WHAT TO DO: Pictures aside, repeat the listing below exactly.

DATA SEGMENT:
# # # #

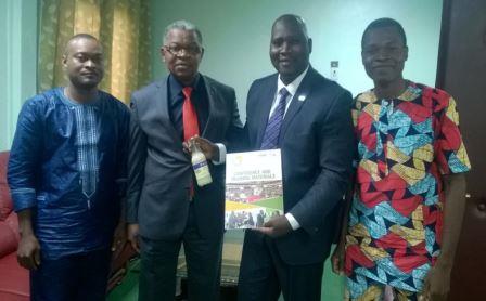 26 July 2016. Cotonou. Mr Patrice SEWADE, Coordinator of SOJAGNON -NGO; Mr Gbèlidji VODOUHE and Mr Martin AGBOTON respectively program officer and Research Assistant at SOJAGNON-NGO were received in audience by Dr. Delphin KOUDANDE, Minister of Agriculture, Animal husbandry and Fishery assisted by Mr Mignannou FANDY. . During the audience ProSAM project funded by FARA through PAEPARD project sponsored by the EC and the ProSeSS project funded by the NWO/Arf of the Kingdom of the Netherlands; and the agribusiness project under AAIN were presented.
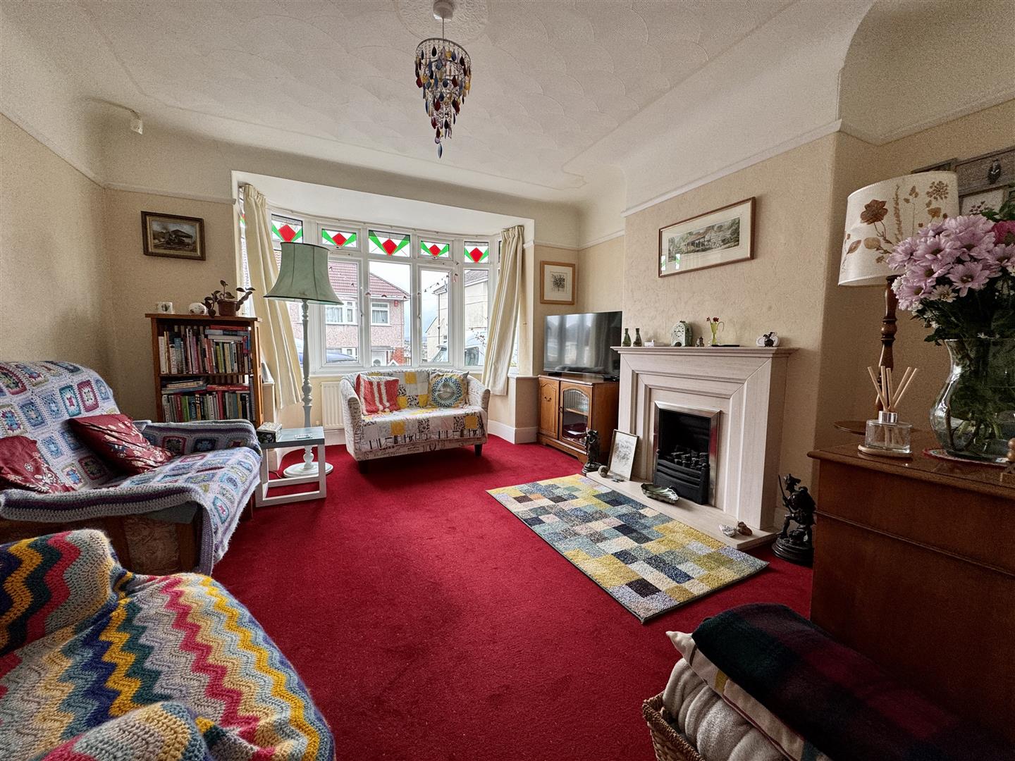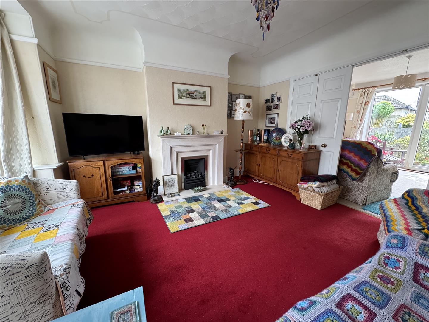 Feature stone fireplace with surround & hearth, inset living flame gas fire. uPVC double-glazed curved bay window to the front. Picture rail. Bi-fold wooden doors open into the dining room.
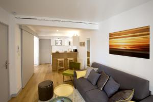 This one-bedroom accommodation includes a separate living room furnished with a sofa and seating area featuring a flat-screen TV. The fully equipped kitchen comes with a refrigerator, dishwasher, microwave, toaster, coffee machine as well as tea and coffee making facilities in addition to full kitchenware. The unit also contains two beds along with hardwood parquet flooring throughout, bathroom amenities include a private bathroom with shower or bathtub options plus hairdryer and body soap.
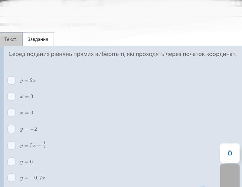 Серед поданих рівнянь прямих виберіть ті, які проходять через початок координат.

# # # #

COMPLETED TASK:
 26 July 2016. Cotonou. Mr Patrice SEWADE, Coordinator of SOJAGNON -NGO; Mr Gbèlidji VODOUHE and Mr Martin AGBOTON respectively program officer and Research Assistant at SOJAGNON-NGO were received in audience by Dr. Delphin KOUDANDE, Minister of Agriculture, Animal husbandry and Fishery assisted by Mr Mignannou FANDY. . During the audience ProSAM project funded by FARA through PAEPARD project sponsored by the EC and the ProSeSS project funded by the NWO/Arf of the Kingdom of the Netherlands; and the agribusiness project under AAIN were presented.
 Feature stone fireplace with surround & hearth, inset living flame gas fire. uPVC double-glazed curved bay window to the front. Picture rail. Bi-fold wooden doors open into the dining room.
 This one-bedroom accommodation includes a separate living room furnished with a sofa and seating area featuring a flat-screen TV. The fully equipped kitchen comes with a refrigerator, dishwasher, microwave, toaster, coffee machine as well as tea and coffee making facilities in addition to full kitchenware. The unit also contains two beds along with hardwood parquet flooring throughout, bathroom amenities include a private bathroom with shower or bathtub options plus hairdryer and body soap.
 Серед поданих рівнянь прямих виберіть ті, які проходять через початок координат.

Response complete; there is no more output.